高級感のある銘板 マウントはTマウント交換式

最短撮影距離は2m 正面から覗くと、奥にミラーが見える

Tマウントはマイナスネジ3カ所でピント指標の位置を調節できる カメラにつけた様子。ミラーレンズならではのコンパクトさ

 マニュアルフォーカスレンズということで、フォーカスリングはグリスの抵抗感で適度な重みがつけられている。最近のAFレンズに慣れている指には少し重く感じるかもしれないが、微妙なピント合わせには必要な仕様だ。ピントリングの方向は左が無限で、キヤノンと同方向。ニコンやペンタックスとはピントリングの回転が逆になる。

 マウントは交換式で、Tマウントを介してカメラに装着する。Tマウントとは42mm径、ピッチ0.75mmのネジ込み式マウント。M42(プラクチカマウント)とは口径は同じものの、ピッチが異なるため装着できない。
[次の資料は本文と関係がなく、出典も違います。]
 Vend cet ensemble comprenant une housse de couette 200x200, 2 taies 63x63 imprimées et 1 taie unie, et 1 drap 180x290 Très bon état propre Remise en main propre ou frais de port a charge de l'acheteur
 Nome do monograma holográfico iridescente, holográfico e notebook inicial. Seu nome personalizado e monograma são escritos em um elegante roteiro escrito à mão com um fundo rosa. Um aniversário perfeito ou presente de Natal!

ネジ込みマウントのため、ネジ込み終わったところで位置決めされることになる。ピント指標が真上にこないことがあるが、Tマウントの調整で位置を直すことができる。マウントが付く少し奥に、34mm径のフィルター溝がある。ミラーレンズは構造上絞りが取り付けできないので、光量が大きいときにはここにNDフィルターを装着して調整する。
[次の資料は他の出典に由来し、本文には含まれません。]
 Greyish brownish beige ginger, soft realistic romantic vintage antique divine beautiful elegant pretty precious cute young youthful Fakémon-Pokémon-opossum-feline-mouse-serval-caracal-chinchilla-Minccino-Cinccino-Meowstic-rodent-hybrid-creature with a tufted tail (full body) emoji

 鏡胴外装は白い塗色で、キヤノンの高級望遠レンズを表す白レンズのイメージだ。でも、キヤノンはここに入る帯が赤帯。それに対しケンコーのミラーレンズ500mm F6.3 DXは、金帯で金の銘板付きだ。そのため全体の組み合わせはライトグレー塗装のニッコールといった雰囲気だ。この製品を企画した人は、マニア心をつかむのがうまいように思える。
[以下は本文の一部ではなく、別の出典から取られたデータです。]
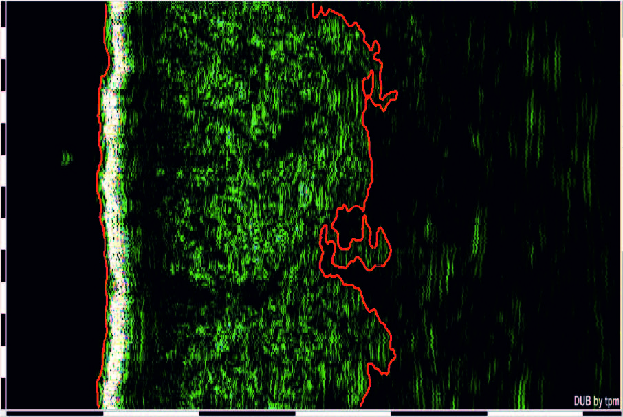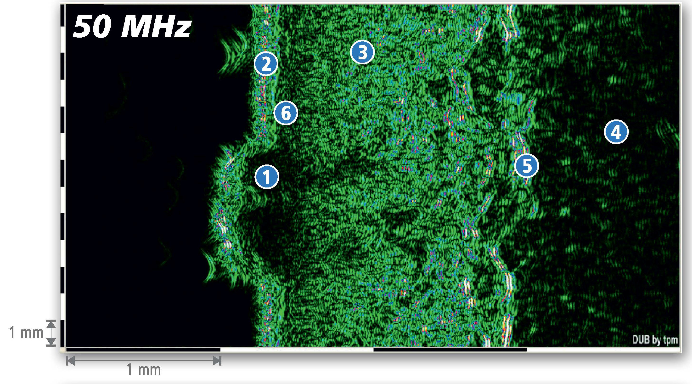 Η σάρωση RF εμφανίζει τα αρχικά ακατέργαστα δεδομένα της καταγεγραμμένης εικόνας υπερήχων. Όλοι οι υπολογισμοί και οι διαφορετικές προβολές θα υπολογίζονται πάντα από το λογισμικό DUB®SkinScanner με αυτήν τη μορφή δεδομένων για να εξασφαλίζεται η υψηλότερη ποιότητα εικόνας.

 レンズを前から覗くと、真ん中にキャップ状のもの、周りの奥の方にミラーが見える。真ん中のキャップ状になっているところは、裏側がミラーになっており、レンズ奥のミラーに反射された光が中央部のミラーに集光され、カメラに導かれる。

 ファインダーを覗いた感じは、F8モデルよりも格段にピントの山がつかみやすく、良く写りそうな印象。価格も1万円程度のアップならすごく割安感がある。数少ない欠点は、径が大きいことで、私のFinePix S2Proに装着したときにグリップ部に入る指がやや窮屈だ。



※使用したカメラは、富士フイルム 「FinePix S2Pro」です。

※作例のリンク先ファイルは、撮影画像をコピーしたものです。

※写真下の作例データは、露出時間/絞り値/ISO感度を表します。


1/350秒 / F6.3 / ISO400
最短撮影距離の2mで撮影。マクロレンズに近い撮影倍率だ。被写界深度がかなり浅いので、カメラを前後させてピント調整する。三脚使用
1/90秒 / F6.3 / ISO400
通りの向こう、30m先の風景を切り取る。肉眼とはかなり異なる世界だ。枝が二線ボケに見えるのはミラーレンズでは仕方がないところ。三脚使用

1/350秒 / F6.3 / ISO400
背景にミラーレンズ独特の“リングボケ”が入るように構図を工夫した。逆光のため、少しフレアっぽい。三脚使用
1/1000秒 / F6.3 / ISO100
太陽を入れるなら超望遠レンズだ。撮像素子面に“焦点距離の1/100”のサイズで写るからである。このレンズでは、撮像素子面に5mmに写っている。三脚使用

1/180秒 / F6.3 / ISO800
子供の顔のアップを撮ってみた。被写界深度が浅くピント合わせが難しい。チャンス優先のため感度をISO800にし、手持ちで撮影。慎重にシャッターを切る
1/180秒 / F6.3 / ISO800
シャッターチャンスを狙い、液晶モニターの確認では成功か、と思ったが手ブレ。超望遠のため、1/180秒でもブレる

1/180秒 / F6.3 / ISO800
近寄るとすぐ逃げる動物でも、遠くから狙えば大丈夫。8m先から慎重に撮影した
1/250秒 / F6.3 / ISO800
祭りの御輿の上にある鳳凰。これも近づけない被写体だ。背景の木まで距離があるので、後ボケのリングが小さく出ている

1/250秒 / F6.3 / ISO800
これもチャンス優先で撮影。S2Proでは露出計が働かないので、あらかじめ決めたシャッタースピードで撮影、ちょっとアンダーになった
1/350秒 / F6.3 / ISO800
祭りの提灯を撮影、背景の“屋台のノボリ”が近くに見えるが、超望遠ならではの圧縮効果である

 今回の撮影では、FinePix S2 Proを使ったが、ケンコーの500mm F6.3D Xには電子回路が組み込まれていないため、露出計は働かない。そのため、何枚か撮影して露出を決めたが、とっさの場合には露出を外してしまった。FマウントならD200を使えばこの点は問題ない。また、マウント交換式のため、キヤノン、ペンタックス、オリンパス、パナソニック、コニカミノルタ、ソニーの各カメラに対応できるし、マウントさえ買い足せば、後から自分でマウント変更できるのもメリットだ。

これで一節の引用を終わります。